Erste Veranstaltung des neuen Jahres im Düsseldorfer Heine Haus: Peter Waterhouse und Nanne Meyer präsentierten ihr bei starfruit erschienenes Buch Die Auswandernden, das auch für den Österreichischen Buchpreis nominiert war.
Das Buch ist ein in vielerlei Hinsicht ungewöhnliches Werk. Natürlich zuerst wegen des Textes, der das Thema Auswanderung abseits aller heute gängigen Klischees und ideologischer Debatten zurückführt auf den Menschen. Waterhouse gelingt das mit Sprache, die mäandert, in verschiedene Richtungen fließt. Er schmeckt die Bedeutung der Wörter ab, prüft ihre Temperatur. Was zum Beispiel ist ein „Wicht“? Waterhouse assoziiert so lange mit Klang und Stamm des Wortes herum, bis er unversehens bei „Wichtigkeit“ landet…

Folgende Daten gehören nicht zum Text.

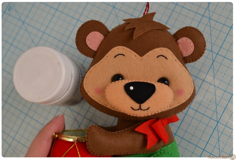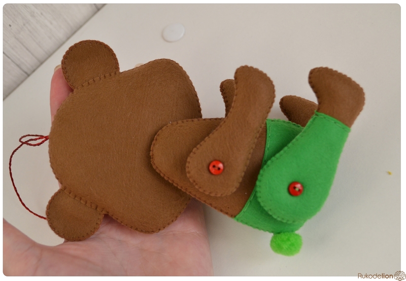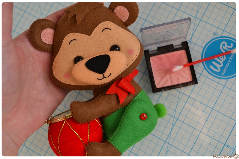 Также я приклеила мишке бантик на шею и решила добавить челочку из фетра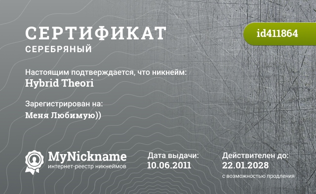 Nickname Hybrid Theori is registered to Me, my love)). Issued certificate ID411864. Issue date 10.06.2011.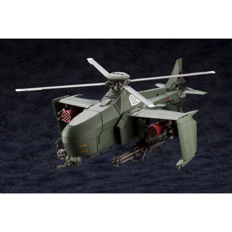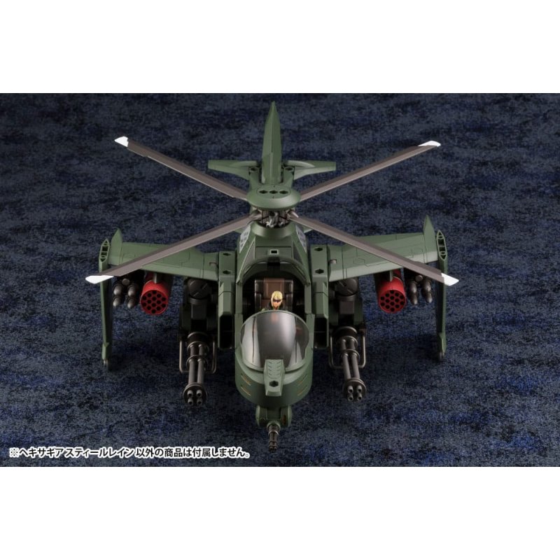 "STEELRAIN is a 2.5-generation variable HEXA GEAR with a rotary-wing aircraft configuration.Driven by the immense value of HEXA G-R.A.M and the crystalline reactors that triggered prolonged corporate warfare, humanity continued producing HEXA G-R.A.M in pursuit of profit-willfully ignoring the warnings of environmental control AI. As the resulting contamination of the soil worsened, the world's largest military-industrial complex, MSG, recognized the urgent need to end the conflict. As such, they began developing a new HEXA GEAR based on a new concept that would be intended to shift the tide of war. The completed unit came in two similar looking but vastly different variants. The early type was a rotary-wing aircraft-style HEXA GEAR with its power source replaced by a HEXA G-R.A.M-functionally similar to first-generation models. The later type featured a system that enabled transformation into a humanoid form. While the early type lacked any particularly unique features aside from being an increasingly rare aircraft-type, it earned high marks for reliability and ground attack capability thanks to its standard loadout of dual 20mm Gatling guns and a broad array of ballistic weapons. This, combined with the inherent advantage of aerial strikes, gave it a decisive edge over most second-generation HEXA GEAR units, which were primarily vehicle or biped-based.The later type further expanded its versatility. It incorporated a BMI control system and manipulator arms, allowing for rapid weapon swapping and supply handling. Its form-switching mechanism also enabled it to engage effectively in CQC on the ground. These features earned it classification as a 2.5-generation HEXA GEAR. However, its production cost ballooned to the equivalent of several BULKARMa units, making it one of the most expensive machines of its generation. Operationally, its fragile airframe required constant maintenance, and its high ammunition consumption demanded a steady supply chain-necessitating support from advanced ground crews, far beyond what typical Governors could handle. Its high performance also came with an extreme energy demand. Even just powering the main rotor required a massive amount of HEXA G-R.A.M-several times more than most other second-generation units. This was the price paid for its ability to transport heavy cargo, including other HEXA GEAR, but was especially burdensome in the later type, which had additional weight from its form-switching mechanism. As a result, some units opted for the earlier type instead, prioritizing efficiency and sustainability over versatility.Despite its drawbacks, the deployment of STEELRAIN units consistently delivered decisive results on the battlefield and their performance has been judged more than worth the high cost. However, the enormous strain they placed on resources were unbearable in the end-even for the mighty MSG military-industrial complex, which led to it becoming the butt of a joke: ""STEELRAIN might tear through enemy lines like a storm, but once it's back at base, it's the one left out in the rain."" Nevertheless, the STEELRAIN is still remembered as a HEXA GEAR that struck fear into the hearts of most enemies at the time, especially for those who faced the STEELRAIN units back then.The "rain of steel" appeared in the skies and silenced every single object crawling on the ground with a rainstorm of bullets.""Unidentified forces detected within MSG-controlled territory. Commencing elimination protocol.""Weapons:- 20mm Gatling Cannon - Anti-Aircraft Missile - Rocket Bullet Pod - Anti-Personnel Machine Gun - Iron FistModel Specifications:- This attack helicopter can be converted from "Vehicle Mode" into "Humanoid Mode". - The closed cockpit can be opened and closed, allowing a separately sold Governor unit to be placed inside. - The seat-unit inside the cockpit has a "reclining" and "sliding" feature to adjust to the size of the models being placed inside. - This highly detailed cockpit has two types of adjustable levers and adjustable foot pedals installed so that users can fully enjoy arranging the outstanding Governors embarking/disembarking the helicopter. - The rotating propellers can be freely rotated and the blades folded. - The "armored windbreaker" includes the two types: the internal head unit "back model" and the transparent canopy "front model" for users to select from. - The included "20mm Gatling Gun" can be taken apart and used separately similar to the Heavy Weapon Units. Also, it is compatible with the M.S.G Belt Links to enhance the overall firepower. - The included "air-to-surface missiles" can each be taken separately from the pylon. Also, the pylon can be expanded and missiles aligned. - By using the included attachments on the main unit and the HEXA-G.R.A.M. system, the included "rocket launcher" can be freely disassembled and expanded. It can also be used by pairing with the attachments that are used to raise the level of freedom for this model kit. - Compatible with the separately sold Flying Base Neo to create a dramatic display.Included items:- 1 x STEELRAIN Model - 2 x 20mm Gatling Gun - 2 x Air-to-Surface Missiles - 2 x Rocket Launcher - 2 x Rocket Launcher Expansion Parts Set - 1 x Archive Card(This item is a reproduction.)"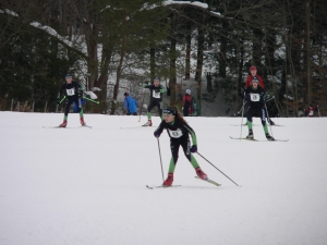 The day started off with the classic races, which included 5k and 10k events. In the Adult 5k Classic race, Wilderness “Wildcat” coach Melanie Nickou had the best overall time (for both women and men) with a 26:54 effort. She was followed by Devon O’Hern (32:24) and Kathy Schreckengost (35:46). The Men’s 5k classic win was claimed by Daniel Kowalik (27:51), who was followed VERY closely by Harry Wright (28:01) and Phillip Rewer (28:02). The Youth 5k Classic Boy’s title was taken by 15 year old Simon Zehr, whose time of 25:33 was faster than any of the adult competitors. Simon was followed by Colton Martin (25:55) and Rylan Hodgson (27:05). In the Girl’s 5k classic, victory was claimed by Rochester Nordic’s Grace Mattern (28:05), with Leah Shaffer (28:35) and Gwen Wright (33:18) close behind.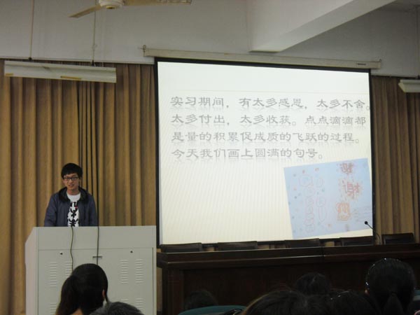 汇报会上,在温州实验小学实习的张凯莉同学,分散实习的马莎莎同学,在城南小学实习的於久益同学,在瑞安安阳实验小学实习的邢婷同学,在瑞安锦湖实验小学实习的汤艳婷同学,在温州建设小学实习的的姜莲敏同学和王怡璇同学,依次和大家交流本次小实习、研习的心得体会。大家体会角度各异,但都感受到实习和研习中真心的付出、沉甸甸的收获!在备课、上课到评课过程中,大家着实感受到了要上好一堂课的不易。在与小学生的接触中,大家都发现了那是多么鲜活和有个性的群体,需要细心观察、诚心相交。通过切实参与班主任的工作,大家对琐碎、繁杂的班主任工作有了新的认识,这是一份责任,更是一种幸福!
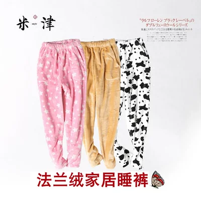 Nữ flannel san hô lông cừu nhà quần nam và nữ ngủ quần mùa thu và mùa đông ấm áp sống quần mới đồ ngủ dày

Das Buch sei ein großes Experiment gewesen, erklärt Verleger Manfred Rothenberger, der in seinem kleinen „piratenhaften“ Verlag nur genau die Bücher macht, die ihn interessieren: die üblichen Halbjahresprogramme und den Novitätendruck ignoriert der Leiter des Instituts für moderne Kunst Nürnberg. Ergebnis: Jedes Buch in seinem kleinen Programm ist eine Besonderheit, die man sich genau ansehen sollte.
So auch die Auswandernden. Die Intention des Verlegers: Zwei autonome Künste aufeinandertreffen zu lassen. So wechseln sich Textblöcke auch mit Bildstrecken von Nanne Meyer (insgesamt 55 Doppelseiten) ab.

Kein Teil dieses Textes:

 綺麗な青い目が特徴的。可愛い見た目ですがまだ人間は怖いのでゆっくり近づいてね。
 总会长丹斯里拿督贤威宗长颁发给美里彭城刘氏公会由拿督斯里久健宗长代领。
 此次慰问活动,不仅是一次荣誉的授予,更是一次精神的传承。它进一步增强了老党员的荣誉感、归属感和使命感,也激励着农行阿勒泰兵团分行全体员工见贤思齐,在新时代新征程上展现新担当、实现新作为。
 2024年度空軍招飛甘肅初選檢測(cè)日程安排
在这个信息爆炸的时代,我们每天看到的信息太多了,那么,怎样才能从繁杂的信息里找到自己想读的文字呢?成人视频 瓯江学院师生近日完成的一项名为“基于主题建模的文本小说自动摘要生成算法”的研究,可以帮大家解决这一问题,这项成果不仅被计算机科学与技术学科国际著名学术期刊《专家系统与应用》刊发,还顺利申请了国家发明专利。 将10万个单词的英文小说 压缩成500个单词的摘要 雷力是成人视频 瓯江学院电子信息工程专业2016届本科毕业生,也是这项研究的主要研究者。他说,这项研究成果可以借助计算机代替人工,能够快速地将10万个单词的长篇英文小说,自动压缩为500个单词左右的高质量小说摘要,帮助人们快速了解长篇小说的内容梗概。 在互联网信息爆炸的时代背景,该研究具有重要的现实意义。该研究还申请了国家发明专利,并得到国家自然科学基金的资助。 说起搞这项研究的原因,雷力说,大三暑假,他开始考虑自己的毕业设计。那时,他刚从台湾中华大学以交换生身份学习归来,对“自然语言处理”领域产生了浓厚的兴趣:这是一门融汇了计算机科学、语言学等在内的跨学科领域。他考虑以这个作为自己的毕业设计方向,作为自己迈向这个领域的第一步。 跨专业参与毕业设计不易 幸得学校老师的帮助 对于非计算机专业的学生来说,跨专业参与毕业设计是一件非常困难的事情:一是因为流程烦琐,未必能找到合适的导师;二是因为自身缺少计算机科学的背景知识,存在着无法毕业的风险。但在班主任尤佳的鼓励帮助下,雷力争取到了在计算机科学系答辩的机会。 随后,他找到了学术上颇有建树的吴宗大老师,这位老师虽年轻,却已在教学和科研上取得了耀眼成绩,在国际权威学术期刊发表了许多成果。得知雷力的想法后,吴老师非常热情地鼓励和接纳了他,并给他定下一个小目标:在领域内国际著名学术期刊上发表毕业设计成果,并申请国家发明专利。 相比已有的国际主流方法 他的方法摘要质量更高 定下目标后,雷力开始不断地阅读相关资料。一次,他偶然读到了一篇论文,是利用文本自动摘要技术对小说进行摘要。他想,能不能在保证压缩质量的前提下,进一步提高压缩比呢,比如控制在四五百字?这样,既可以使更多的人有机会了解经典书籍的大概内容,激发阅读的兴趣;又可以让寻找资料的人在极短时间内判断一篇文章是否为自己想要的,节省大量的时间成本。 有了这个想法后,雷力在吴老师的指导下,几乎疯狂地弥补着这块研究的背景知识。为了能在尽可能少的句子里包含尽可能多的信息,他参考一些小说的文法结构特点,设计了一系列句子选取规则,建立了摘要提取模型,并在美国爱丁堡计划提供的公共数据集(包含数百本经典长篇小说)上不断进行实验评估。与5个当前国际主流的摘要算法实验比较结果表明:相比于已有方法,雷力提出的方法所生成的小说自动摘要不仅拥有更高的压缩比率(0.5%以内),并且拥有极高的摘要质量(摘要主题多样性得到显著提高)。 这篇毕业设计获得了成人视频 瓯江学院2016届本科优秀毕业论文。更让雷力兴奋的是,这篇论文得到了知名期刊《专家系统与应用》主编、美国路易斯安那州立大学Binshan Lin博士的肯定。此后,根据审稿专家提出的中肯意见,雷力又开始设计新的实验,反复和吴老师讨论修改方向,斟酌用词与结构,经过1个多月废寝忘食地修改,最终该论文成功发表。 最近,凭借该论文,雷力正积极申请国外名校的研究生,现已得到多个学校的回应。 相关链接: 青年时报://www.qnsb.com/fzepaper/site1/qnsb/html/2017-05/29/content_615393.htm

Wie genau das Projekt begonnen hat, weiß keiner der Beteiligten mehr so ganz genau. „Sympathisch war, daß es eine Arbeit ganz ohne An(trag)stellerei war“, erinnert sich Meyer. Eines Tages bekam sie den ersten Textblock und zeichnete ihre erste Bildstrecke. Schnitt Wörter aus dem Text, fügte sie in die Bilder ein (oder: ließ sie auswandern) – schickte das Ergebnis an Waterhouse. Der seinerseits in seinem neuen Text auf die Bilder reagierte: „Nanne Meyer wurde im Laufe der Zeit zur Reiseführerin.“
Herausgekommen ist ein Buch, dessen Text die Bilder nicht erklärt und dessen Bilder den Text nicht erläutern wollen: Die Zeichnerin als Autorin. „Im Text spielt Verlust eine große Rolle. Aber wie zeichnet man, was gar nicht da ist“ – so, wie man es jetzt im Buch sehen kann, ist man versucht zu sagen.
Wird es denn auch ein Buch über die Gründe der Auswandernden geben, sozusagen die zweite Seite der Medaille. „Wenn es geht, gibt es einen zweiten Band“, gibt sich Waterhouse zurückhaltend: Wir sind gespannt und warten ab. Und hoffen darauf.